Enforcing the law in Baguio is what we may call an exercise in contradiction. Drivers, mostly of public utility vehicles are rude and lack courtesy. They honk at you if you don’t move forward while the light is still red if they are following your vehicle. Meanwhile, the traffic cop doesn’t seem to mind.
               People cross pedestrian lanes even if the light is red which means don’t cross. But when a cop is around, they are cautious. Local folks have a term for it – “tangken ulo.” 
Meanwhile, police direct traffic even if traffic lights are on, confusing drivers on what to follow. The traffic light turns green which means move forward, but the traffic cop motions you to stop with an angry stare .
City councillors are saying they are taking note of such issues and recently passed a number of ordinances they consider vital and transformational.

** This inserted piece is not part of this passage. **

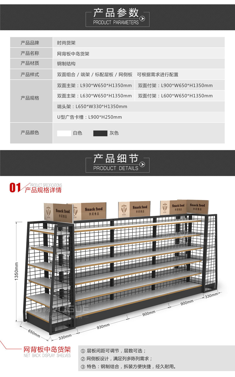 【產(chǎn)品名稱】便利店網(wǎng)背板中島貨架/進(jìn)口食品貨架/網(wǎng)背板零食貨架

Among these are the anti-profanity ordinance, provision of basic life support services and personnel trained in cardiopulmonary resuscitation for emergency situations in all public and private offices, establishment of women and children's desks in all of the city's 128 barangays, and additional aid to solo parents and their children.
But according to Vice Mayor Edison Bilog, ensuring the laws’ implementation is more important. He said they have now put in place a legislative tracking system (LTS) so the city council can effectively monitor if these ordinances are made known to the public and being implemented.

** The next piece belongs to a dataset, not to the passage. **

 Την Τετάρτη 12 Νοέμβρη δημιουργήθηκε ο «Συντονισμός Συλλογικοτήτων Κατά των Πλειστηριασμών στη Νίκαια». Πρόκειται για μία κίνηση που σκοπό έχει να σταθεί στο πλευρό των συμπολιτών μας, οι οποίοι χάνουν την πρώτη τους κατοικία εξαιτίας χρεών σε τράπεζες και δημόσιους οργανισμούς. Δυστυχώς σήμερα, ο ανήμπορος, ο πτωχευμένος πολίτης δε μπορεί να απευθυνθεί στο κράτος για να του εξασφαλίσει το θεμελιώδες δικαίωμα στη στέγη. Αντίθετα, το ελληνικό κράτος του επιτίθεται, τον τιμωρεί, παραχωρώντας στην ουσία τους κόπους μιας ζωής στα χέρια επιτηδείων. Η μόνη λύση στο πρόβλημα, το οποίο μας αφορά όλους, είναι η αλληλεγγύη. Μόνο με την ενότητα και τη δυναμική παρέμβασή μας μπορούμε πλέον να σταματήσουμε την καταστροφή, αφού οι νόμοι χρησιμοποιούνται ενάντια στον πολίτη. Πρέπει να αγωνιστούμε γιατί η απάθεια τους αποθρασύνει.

 "We have institutionalized this now, so that yearly, we are sure the laws we are making are being implemented,” Bilog said as reported by the Philippine News Agency.

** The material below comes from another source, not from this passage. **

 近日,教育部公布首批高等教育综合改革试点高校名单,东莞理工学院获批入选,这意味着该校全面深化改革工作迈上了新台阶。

Bilog said they write concerned agencies, including the mayor’s office, to inquire why a certain ordinance is not being implemented, and even ask for suggestions “on probable amendments that they want to be done, so that the law will become effective.”
Bilog said the LTS is also a way of reminding the implementing agencies on the existence of the ordinances, so these could be implemented.
He said the LTS has two goals — to let the city council see what ordinances are not being implemented and second, which ordinances need to be amended or abolished.
A staff of the city council research division cited, as an example, the 1988 ordinance on anti-littering and spitting that carries a penalty of P100 or imprisonment of 30-60 days for violators. This was amended in 1995 and further revised in 2006 and in 2011.
In 2018, observations based on the LTS led to yet another recommended revision of the ordinance, thus, the filing of a resolution entitled “Prohibiting the chewing of betel nut and or spitting of betel nut quid or ‘moma' in public places in the city of Baguio in order to promote health and address environmental concerns and providing penalties in violation thereof.”
It was observed that despite earlier ordinances on spitting, the chewing and spitting of betel nut on the road has remained an unpleasant habit among residents of Baguio.
Despite this, pundits are rationalizing the situation saying locals are after all Filipinos wherein they live by the oft repeated phrase – pag may gusut, puedeng lumusot.
To our foreign readers, it simply means, if you can get away with it, do it.